ISLAMABAD: In a move aimed at shielding citizens from global economic turbulence, Prime Minister Muhammad Shehbaz Sharif announced on Friday that the government will not increase the price of petrol, maintaining it at Rs321.17 per litre despite a sharp rise in international oil markets. The decision comes just one week after a historic Rs55 per litre increase that sparked nationwide protests and economic anxiety.
“This decision honors my commitment to the common man,” Prime Minister Sharif stated, emphasizing that the government is determined to prevent the burden of global volatility from falling directly on Pakistani citizens. “We are dedicated to providing as much relief as possible during these challenging times.”
The announcement represents a significant policy shift following what many termed a “petrol bomb” on March 6, when the government implemented the largest single increase in fuel prices in recent history. That decision was driven by an unprecedented surge in global oil prices, with crude oil jumping from approximately $78 to over $106 per barrel almost overnight after escalating tensions in the Middle East.
Regional conflicts, particularly the US-Israel conflict with Iran, have placed the global economy under immense pressure, creating serious risks for Pakistan’s economic stability. The closure of the Strait of Hormuz, a critical energy corridor through which approximately 20% of the world’s oil passes, forced the government to abandon its traditional fortnightly pricing schedule in favor of weekly reviews.
“Through timely policymaking, government austerity measures, and strict financial discipline, we are striving to manage this situation to the best of our human ability,” the Prime Minister remarked, acknowledging the extraordinary challenges facing the nation’s economy.
The previous week’s price hike triggered immediate and widespread outrage across Pakistan, with citizens scrambling to fill their tanks amid chaotic scenes and miles-long queues at fuel stations. On social media, the hashtag #PetrolBomb trended as Pakistanis expressed fury over the soaring cost of living, with many criticizing what they perceived as unequal burden-sharing between the public and political elite.

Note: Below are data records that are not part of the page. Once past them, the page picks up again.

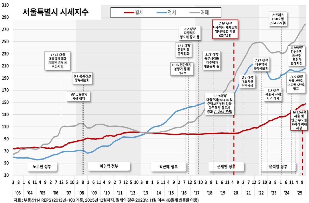 또한 이 교수는 “2020년 이후 강력한 세금 규제와 거래 제한으로 시장 거래량은 급감했지만, 가격은 오히려 폭등했다”며 “규제가 가격을 잡는다는 믿음은 현실과 어긋난다”고 말했다. 그는 “전세·월세도 5년간 각각 25% 이상 상승했고, 특히 월세는 저소득층의 주거 불안을 심화시키고 있다”고 분석했다.
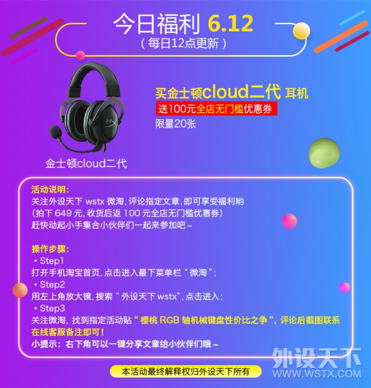 【每日福利】2017.06.12 买金士顿Cloud二代耳机 送100元优惠券
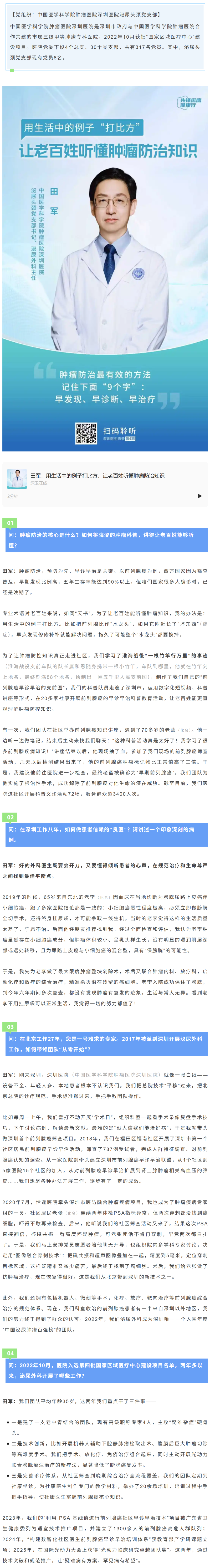 【深卫在线】田军:用生活中的例子打比方,让老百姓听懂肿瘤防治知识
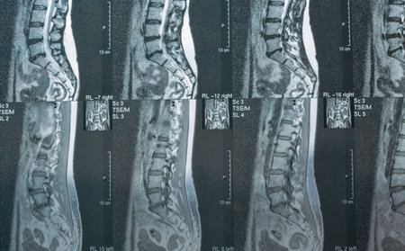 Close up magnetic resonance imaging or computed tomography scan of human lumbar spine

Economic experts had warned that the Rs55 increase would create catastrophic ripple effects throughout the economy, particularly impacting transportation costs and food prices. Labour federations predicted severe hardship for middle and lower-income families already struggling with inflation.
Today’s decision to maintain prices offers temporary relief but highlights the ongoing vulnerability of Pakistan’s economy to global energy markets. The government’s commitment to absorbing international price increases comes at a significant fiscal cost, raising questions about long-term sustainability as regional tensions continue to threaten energy security worldwide.